Source records:
━━━━━━━━

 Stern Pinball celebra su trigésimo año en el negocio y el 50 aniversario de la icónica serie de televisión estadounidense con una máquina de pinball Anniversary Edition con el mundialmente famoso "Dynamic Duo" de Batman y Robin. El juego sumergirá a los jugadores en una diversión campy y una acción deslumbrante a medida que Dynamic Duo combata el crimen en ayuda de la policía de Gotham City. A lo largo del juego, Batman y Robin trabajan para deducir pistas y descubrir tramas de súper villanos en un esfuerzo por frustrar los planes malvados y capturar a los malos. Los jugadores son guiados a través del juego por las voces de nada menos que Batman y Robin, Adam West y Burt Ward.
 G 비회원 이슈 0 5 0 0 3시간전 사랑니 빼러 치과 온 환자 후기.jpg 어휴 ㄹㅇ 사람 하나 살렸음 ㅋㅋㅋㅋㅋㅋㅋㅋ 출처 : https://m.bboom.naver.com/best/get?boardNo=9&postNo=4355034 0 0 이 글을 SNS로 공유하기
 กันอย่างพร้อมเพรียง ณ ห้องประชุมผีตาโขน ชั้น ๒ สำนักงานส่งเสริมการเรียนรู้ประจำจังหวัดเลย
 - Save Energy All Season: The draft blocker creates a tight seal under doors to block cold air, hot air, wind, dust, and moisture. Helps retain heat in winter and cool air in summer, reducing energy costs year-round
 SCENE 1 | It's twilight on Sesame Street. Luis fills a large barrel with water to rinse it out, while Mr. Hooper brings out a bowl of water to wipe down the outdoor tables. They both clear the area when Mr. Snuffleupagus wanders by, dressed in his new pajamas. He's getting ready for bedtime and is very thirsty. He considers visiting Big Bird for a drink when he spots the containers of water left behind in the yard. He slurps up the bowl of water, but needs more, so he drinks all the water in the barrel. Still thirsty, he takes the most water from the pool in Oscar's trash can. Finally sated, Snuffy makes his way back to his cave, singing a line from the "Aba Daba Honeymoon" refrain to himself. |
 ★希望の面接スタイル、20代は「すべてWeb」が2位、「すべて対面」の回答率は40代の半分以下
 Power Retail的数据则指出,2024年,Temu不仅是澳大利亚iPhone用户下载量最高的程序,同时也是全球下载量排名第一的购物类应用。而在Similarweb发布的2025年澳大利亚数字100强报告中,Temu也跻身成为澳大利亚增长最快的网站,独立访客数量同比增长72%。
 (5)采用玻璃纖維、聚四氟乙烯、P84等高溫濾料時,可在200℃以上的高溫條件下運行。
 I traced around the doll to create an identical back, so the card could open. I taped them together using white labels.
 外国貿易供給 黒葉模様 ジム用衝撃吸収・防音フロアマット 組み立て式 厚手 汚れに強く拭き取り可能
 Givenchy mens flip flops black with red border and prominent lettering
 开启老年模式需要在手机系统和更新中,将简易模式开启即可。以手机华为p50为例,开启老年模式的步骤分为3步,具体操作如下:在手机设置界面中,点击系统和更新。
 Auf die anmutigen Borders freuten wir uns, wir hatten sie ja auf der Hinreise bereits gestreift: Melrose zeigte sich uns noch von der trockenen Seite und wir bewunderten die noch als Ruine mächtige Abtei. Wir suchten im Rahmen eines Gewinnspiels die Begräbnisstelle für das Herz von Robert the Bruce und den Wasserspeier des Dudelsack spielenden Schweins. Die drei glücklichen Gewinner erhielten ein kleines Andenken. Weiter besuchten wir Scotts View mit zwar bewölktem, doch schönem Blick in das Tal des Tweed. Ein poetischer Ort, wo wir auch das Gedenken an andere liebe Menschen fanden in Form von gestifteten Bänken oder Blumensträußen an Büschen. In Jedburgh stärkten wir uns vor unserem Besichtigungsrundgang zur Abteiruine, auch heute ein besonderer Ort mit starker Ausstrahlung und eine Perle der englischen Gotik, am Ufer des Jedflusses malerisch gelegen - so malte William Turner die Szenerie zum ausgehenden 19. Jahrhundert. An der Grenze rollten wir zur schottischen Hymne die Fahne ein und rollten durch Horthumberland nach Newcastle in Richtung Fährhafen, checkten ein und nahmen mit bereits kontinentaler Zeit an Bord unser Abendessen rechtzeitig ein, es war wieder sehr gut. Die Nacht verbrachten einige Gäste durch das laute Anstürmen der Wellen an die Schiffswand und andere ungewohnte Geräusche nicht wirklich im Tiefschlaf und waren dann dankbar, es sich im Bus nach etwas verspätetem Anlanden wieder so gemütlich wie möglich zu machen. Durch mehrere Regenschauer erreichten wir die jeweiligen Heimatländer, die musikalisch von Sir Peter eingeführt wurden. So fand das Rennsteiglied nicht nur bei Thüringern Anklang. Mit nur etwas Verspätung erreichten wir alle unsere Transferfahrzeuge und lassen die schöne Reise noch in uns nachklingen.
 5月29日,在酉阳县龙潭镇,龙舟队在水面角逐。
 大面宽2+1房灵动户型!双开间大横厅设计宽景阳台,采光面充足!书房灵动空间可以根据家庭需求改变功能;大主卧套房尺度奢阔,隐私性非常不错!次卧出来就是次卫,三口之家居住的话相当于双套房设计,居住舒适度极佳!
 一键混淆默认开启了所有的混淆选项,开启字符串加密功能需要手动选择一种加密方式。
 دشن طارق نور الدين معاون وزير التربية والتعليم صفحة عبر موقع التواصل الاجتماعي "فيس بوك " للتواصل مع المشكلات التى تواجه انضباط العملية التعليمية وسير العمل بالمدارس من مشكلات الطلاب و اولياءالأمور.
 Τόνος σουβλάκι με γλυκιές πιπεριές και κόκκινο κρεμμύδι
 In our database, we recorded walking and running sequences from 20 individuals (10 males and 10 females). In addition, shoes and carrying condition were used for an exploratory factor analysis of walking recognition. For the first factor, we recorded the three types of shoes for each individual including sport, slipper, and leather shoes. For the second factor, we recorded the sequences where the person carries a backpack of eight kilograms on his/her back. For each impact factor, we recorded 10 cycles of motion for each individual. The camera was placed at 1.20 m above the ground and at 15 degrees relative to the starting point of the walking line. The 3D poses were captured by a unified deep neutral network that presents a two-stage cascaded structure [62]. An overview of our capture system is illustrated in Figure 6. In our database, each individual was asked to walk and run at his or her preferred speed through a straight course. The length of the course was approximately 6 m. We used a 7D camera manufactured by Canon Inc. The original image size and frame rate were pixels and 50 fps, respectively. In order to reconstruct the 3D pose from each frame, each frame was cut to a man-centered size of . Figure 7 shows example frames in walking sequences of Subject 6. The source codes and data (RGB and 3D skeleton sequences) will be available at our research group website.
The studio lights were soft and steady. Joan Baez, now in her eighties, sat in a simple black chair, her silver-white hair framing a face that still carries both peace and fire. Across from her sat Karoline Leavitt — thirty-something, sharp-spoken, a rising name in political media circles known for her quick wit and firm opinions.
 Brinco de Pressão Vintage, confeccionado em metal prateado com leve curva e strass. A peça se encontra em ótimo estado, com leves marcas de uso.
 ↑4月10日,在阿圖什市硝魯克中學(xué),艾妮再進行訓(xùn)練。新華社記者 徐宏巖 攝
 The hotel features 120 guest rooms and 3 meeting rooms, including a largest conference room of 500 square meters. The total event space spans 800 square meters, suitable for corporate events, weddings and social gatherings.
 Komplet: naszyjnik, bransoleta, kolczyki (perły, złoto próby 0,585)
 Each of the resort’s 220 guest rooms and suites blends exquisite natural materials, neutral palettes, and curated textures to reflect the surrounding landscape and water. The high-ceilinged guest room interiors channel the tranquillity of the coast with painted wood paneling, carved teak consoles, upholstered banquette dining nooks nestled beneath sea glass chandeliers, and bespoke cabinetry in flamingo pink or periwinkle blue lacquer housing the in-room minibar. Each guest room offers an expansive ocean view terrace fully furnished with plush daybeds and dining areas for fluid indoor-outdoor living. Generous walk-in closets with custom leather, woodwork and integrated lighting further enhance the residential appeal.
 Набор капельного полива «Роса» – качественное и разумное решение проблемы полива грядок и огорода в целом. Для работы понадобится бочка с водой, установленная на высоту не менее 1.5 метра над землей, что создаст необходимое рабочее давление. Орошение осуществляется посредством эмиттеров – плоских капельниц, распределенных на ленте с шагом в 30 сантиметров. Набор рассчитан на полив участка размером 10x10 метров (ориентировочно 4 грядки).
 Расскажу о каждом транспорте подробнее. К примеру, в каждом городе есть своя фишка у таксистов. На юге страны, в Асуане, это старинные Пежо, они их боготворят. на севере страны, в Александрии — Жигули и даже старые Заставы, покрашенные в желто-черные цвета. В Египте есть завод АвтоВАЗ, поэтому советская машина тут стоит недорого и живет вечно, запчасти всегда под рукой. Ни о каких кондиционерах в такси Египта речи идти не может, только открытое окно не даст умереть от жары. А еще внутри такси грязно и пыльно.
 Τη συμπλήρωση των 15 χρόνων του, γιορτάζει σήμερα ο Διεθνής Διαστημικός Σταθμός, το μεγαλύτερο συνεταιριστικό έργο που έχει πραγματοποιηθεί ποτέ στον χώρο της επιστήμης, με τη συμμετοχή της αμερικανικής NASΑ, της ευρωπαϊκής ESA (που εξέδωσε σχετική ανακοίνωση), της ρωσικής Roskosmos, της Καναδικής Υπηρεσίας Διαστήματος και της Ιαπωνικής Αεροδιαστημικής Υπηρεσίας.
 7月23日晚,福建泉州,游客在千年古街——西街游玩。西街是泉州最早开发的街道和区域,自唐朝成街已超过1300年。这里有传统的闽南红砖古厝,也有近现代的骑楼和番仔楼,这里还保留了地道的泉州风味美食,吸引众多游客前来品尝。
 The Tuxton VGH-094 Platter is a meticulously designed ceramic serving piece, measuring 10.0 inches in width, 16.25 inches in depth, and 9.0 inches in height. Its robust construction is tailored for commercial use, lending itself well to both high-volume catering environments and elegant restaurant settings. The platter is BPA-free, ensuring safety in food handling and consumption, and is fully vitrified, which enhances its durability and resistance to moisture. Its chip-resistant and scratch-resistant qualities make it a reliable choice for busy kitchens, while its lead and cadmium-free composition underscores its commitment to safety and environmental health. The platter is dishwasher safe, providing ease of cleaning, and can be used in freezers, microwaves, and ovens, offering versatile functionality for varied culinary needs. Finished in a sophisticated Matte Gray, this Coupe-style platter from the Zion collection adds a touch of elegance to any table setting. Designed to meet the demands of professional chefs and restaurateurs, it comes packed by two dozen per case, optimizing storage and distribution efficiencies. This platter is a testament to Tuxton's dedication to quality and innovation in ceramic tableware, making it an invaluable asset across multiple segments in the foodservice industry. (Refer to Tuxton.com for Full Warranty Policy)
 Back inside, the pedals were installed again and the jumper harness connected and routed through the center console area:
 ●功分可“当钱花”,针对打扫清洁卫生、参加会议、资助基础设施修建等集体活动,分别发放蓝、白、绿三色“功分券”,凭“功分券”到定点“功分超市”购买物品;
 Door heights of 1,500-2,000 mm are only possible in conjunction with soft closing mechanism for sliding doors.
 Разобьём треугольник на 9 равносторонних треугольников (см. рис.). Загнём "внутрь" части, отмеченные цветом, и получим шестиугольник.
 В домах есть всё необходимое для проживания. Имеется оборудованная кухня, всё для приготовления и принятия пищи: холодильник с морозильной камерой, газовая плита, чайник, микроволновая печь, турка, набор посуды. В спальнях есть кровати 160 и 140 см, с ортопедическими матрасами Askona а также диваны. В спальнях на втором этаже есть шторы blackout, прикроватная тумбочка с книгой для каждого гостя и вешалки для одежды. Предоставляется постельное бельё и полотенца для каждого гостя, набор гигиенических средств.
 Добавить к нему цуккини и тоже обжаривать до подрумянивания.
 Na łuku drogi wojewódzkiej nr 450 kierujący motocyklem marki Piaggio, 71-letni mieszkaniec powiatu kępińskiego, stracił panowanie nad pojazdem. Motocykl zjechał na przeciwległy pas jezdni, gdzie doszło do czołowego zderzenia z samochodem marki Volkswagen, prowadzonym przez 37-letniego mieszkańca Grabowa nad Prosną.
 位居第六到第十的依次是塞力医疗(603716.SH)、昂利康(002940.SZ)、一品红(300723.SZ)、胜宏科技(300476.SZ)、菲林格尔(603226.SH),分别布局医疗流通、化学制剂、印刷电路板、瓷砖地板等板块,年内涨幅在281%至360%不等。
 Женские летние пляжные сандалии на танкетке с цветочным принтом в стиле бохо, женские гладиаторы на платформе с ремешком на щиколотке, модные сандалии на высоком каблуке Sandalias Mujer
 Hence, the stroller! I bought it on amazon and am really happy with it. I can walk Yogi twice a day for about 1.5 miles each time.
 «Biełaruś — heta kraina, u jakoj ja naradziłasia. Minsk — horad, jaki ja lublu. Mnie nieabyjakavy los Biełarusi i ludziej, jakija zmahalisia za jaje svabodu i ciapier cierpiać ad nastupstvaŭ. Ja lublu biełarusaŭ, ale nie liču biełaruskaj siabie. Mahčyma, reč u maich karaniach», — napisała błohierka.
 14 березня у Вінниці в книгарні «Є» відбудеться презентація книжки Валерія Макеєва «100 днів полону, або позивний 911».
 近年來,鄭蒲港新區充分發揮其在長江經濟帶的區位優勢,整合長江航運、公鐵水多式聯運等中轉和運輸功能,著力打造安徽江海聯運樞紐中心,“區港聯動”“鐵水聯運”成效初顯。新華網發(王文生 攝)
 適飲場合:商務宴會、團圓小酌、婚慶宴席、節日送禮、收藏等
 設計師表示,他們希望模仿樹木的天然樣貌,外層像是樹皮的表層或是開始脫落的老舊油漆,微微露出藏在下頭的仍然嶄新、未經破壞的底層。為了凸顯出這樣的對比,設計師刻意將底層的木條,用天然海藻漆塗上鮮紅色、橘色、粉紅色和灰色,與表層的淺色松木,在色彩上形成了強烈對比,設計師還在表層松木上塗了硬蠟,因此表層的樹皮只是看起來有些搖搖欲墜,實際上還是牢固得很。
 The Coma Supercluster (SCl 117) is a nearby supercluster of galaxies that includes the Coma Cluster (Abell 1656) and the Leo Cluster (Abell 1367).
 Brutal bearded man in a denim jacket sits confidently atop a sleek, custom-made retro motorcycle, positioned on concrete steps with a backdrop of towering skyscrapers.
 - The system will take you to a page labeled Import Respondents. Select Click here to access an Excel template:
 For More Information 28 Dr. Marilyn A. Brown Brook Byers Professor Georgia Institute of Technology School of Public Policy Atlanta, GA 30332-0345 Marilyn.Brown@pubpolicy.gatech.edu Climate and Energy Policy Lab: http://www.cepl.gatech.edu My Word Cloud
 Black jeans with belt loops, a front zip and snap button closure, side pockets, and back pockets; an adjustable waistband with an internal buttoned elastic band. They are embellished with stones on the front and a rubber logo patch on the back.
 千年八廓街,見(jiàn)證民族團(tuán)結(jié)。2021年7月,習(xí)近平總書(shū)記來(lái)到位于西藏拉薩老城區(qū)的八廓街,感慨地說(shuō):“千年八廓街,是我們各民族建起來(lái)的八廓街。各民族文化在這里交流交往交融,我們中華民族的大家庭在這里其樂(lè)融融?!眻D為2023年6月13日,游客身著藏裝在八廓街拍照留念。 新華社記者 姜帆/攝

━━━━━━━━

Out of the data above, give again only the lines starting at the one holding "Добавить к нему" and ending at the one holding "Женские летние пляжные", unchanged.

 Добавить к нему цуккини и тоже обжаривать до подрумянивания.
 Na łuku drogi wojewódzkiej nr 450 kierujący motocyklem marki Piaggio, 71-letni mieszkaniec powiatu kępińskiego, stracił panowanie nad pojazdem. Motocykl zjechał na przeciwległy pas jezdni, gdzie doszło do czołowego zderzenia z samochodem marki Volkswagen, prowadzonym przez 37-letniego mieszkańca Grabowa nad Prosną.
 位居第六到第十的依次是塞力医疗(603716.SH)、昂利康(002940.SZ)、一品红(300723.SZ)、胜宏科技(300476.SZ)、菲林格尔(603226.SH),分别布局医疗流通、化学制剂、印刷电路板、瓷砖地板等板块,年内涨幅在281%至360%不等。
 Женские летние пляжные сандалии на танкетке с цветочным принтом в стиле бохо, женские гладиаторы на платформе с ремешком на щиколотке, модные сандалии на высоком каблуке Sandalias Mujer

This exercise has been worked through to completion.